> What the task asks: Could you give again exactly, and only, the lines from the one holding "Γυναικείο κολιέ &" through the end of the data, both ends included, with pictures left out?

> Data segment:
________________________
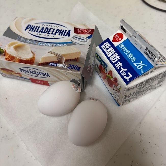 クリームチーズはいただき物、生クリームは特売、ほかもうちにある物で作れました。市販の「ベイクドチーズケーキ」を購入するよりも材料費は格安です。
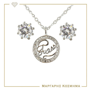 Γυναικείο κολιέ & σκουλαρίκια Guess Steel σε ασημί χρώμα διακοσμημένα από πέτρες ζιργκόν και κρεμαστό το λογότυπο της εταιρείας. 46cm καδένα ρυθμιζόμενη.
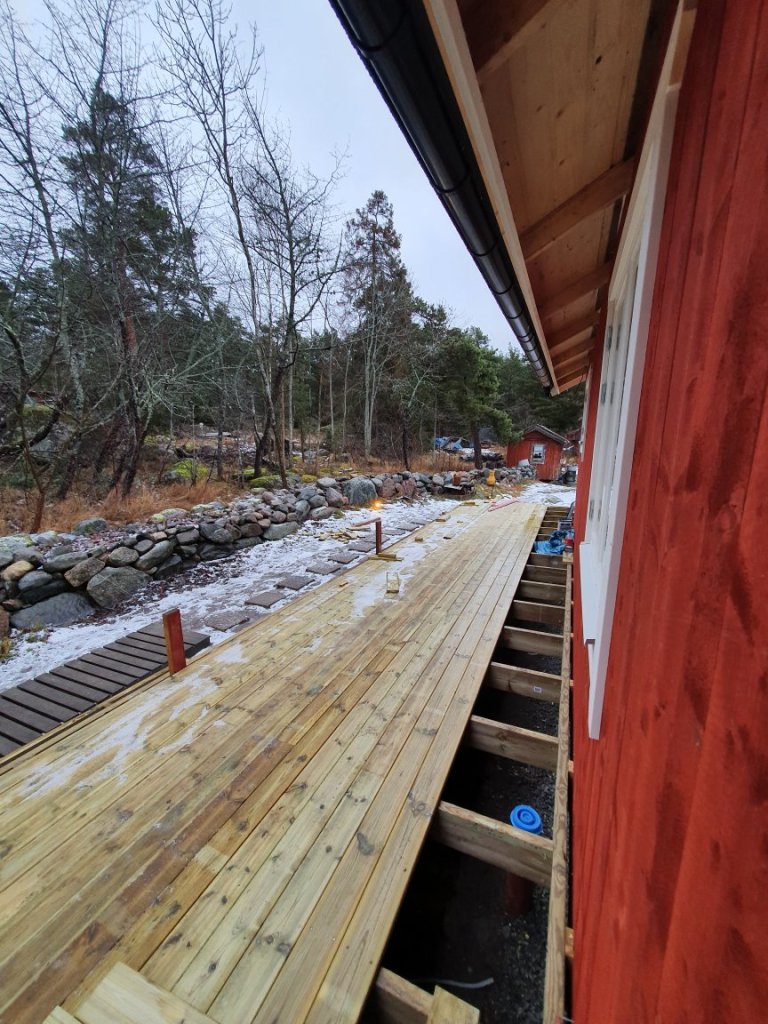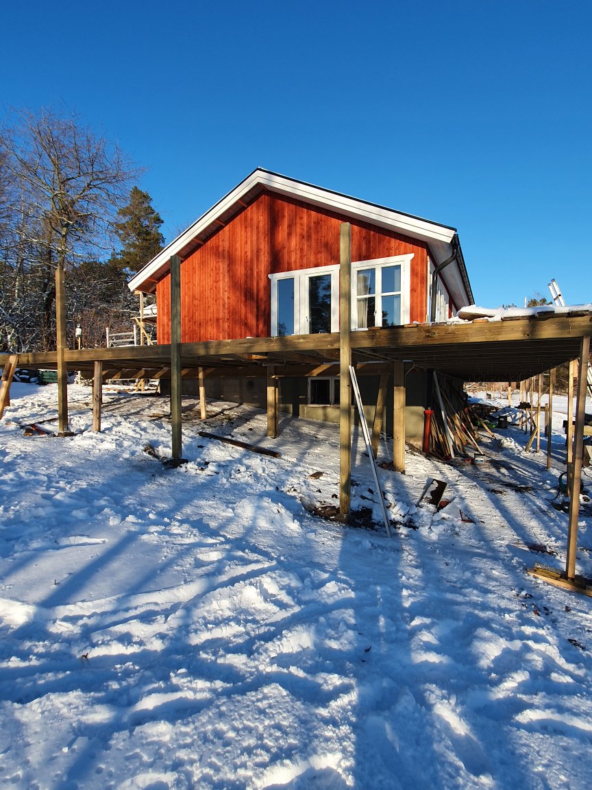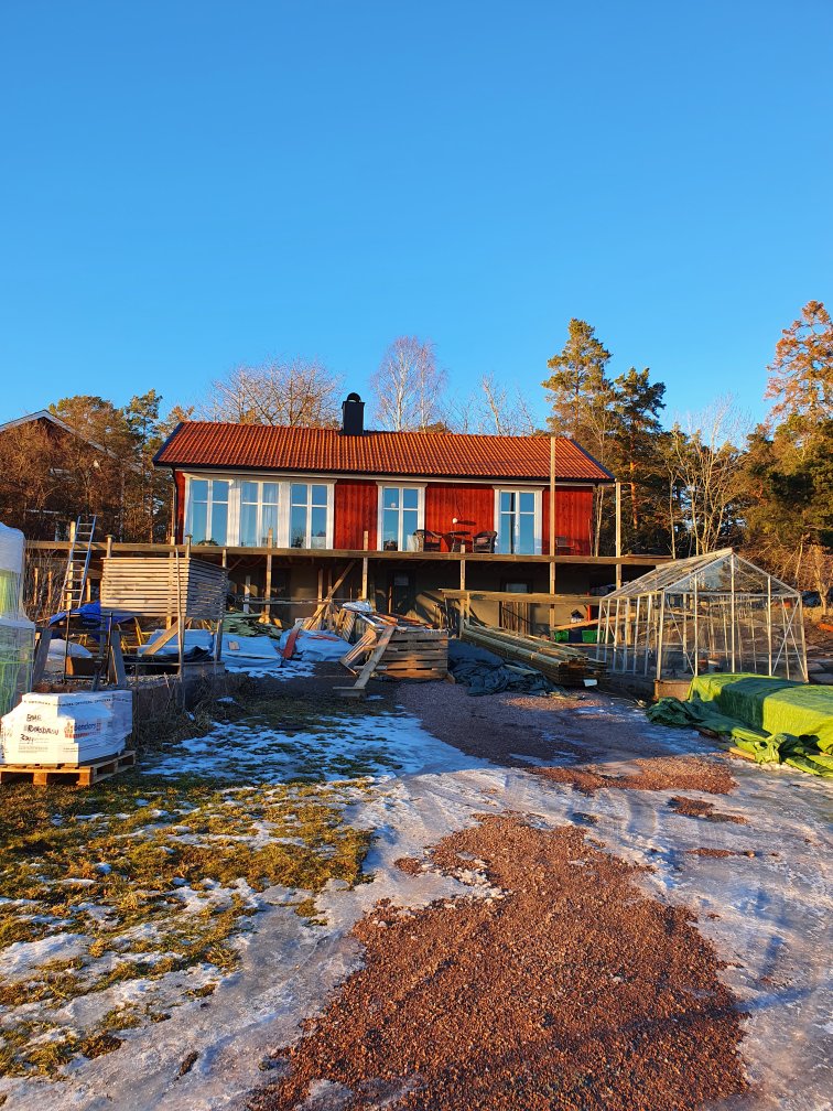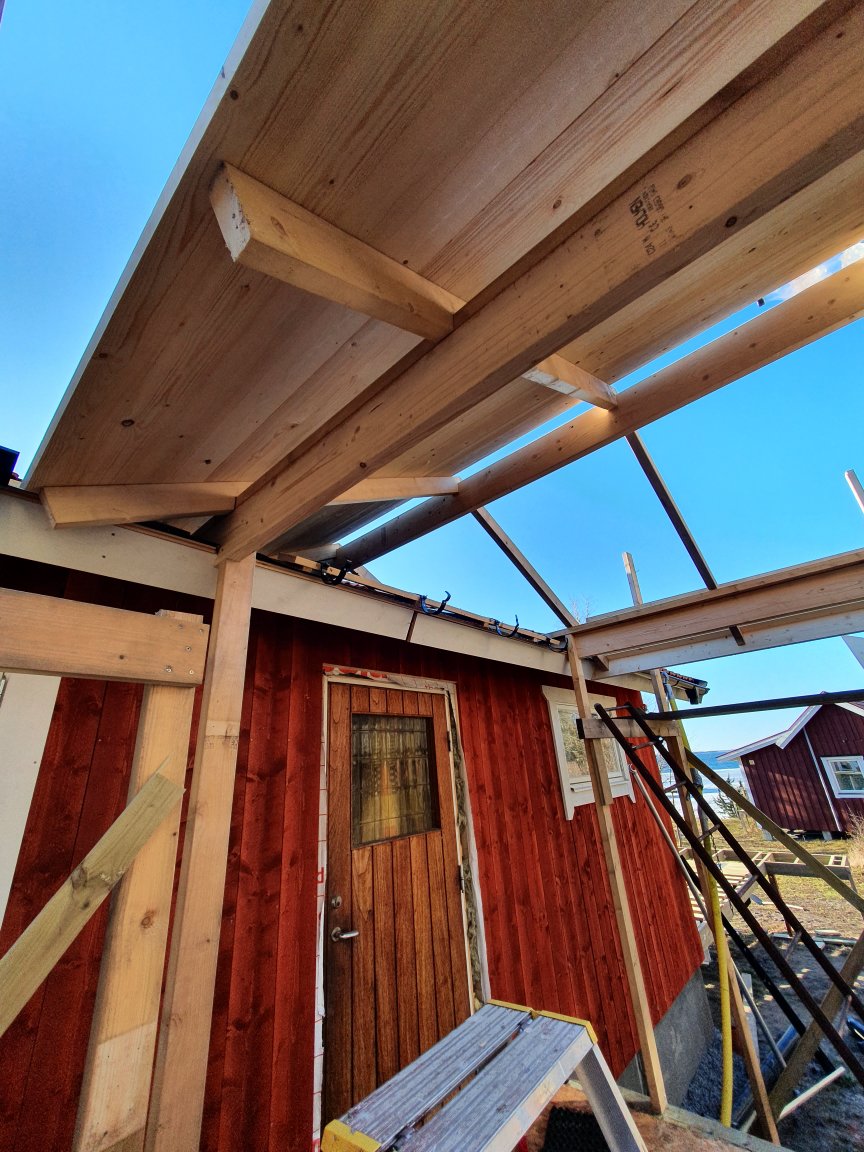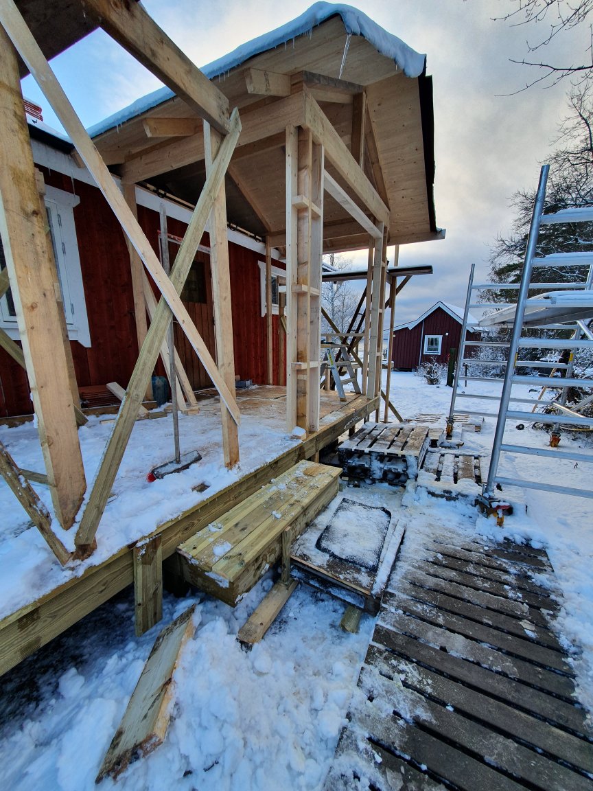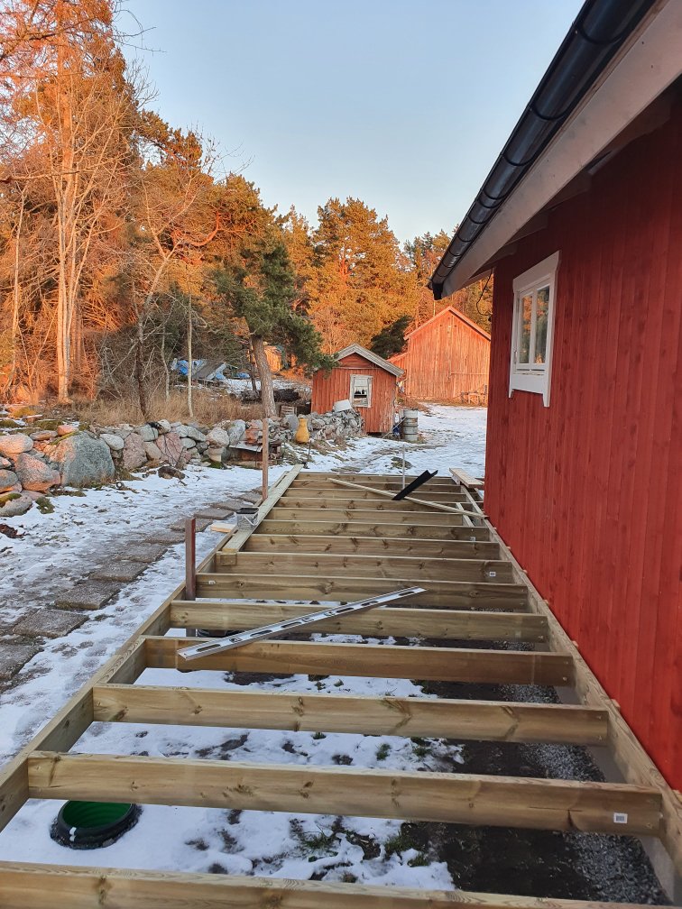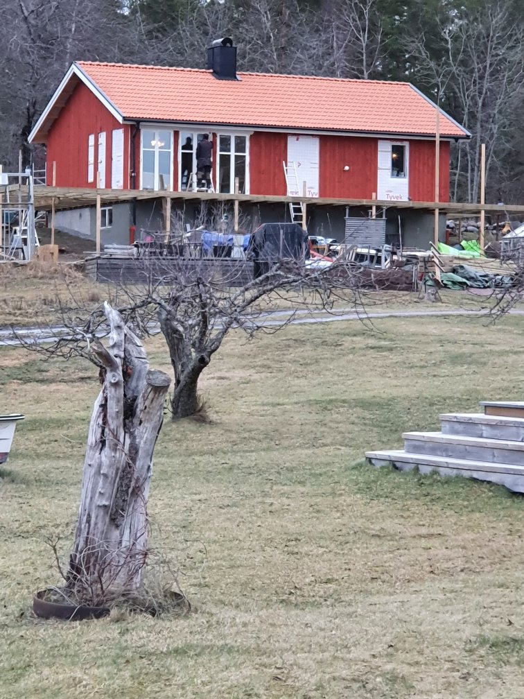 …sjuka snickare så går det inte undan direkt, men nu har vi iaf altan på sydsidan, och nästan klart på MorronfikaAltanen. De har börjat förbereda för farstukvisten oxå. 🤗👍💞
________________________
> Written response:
 Γυναικείο κολιέ & σκουλαρίκια Guess Steel σε ασημί χρώμα διακοσμημένα από πέτρες ζιργκόν και κρεμαστό το λογότυπο της εταιρείας. 46cm καδένα ρυθμιζόμενη.
 …sjuka snickare så går det inte undan direkt, men nu har vi iaf altan på sydsidan, och nästan klart på MorronfikaAltanen. De har börjat förbereda för farstukvisten oxå. 🤗👍💞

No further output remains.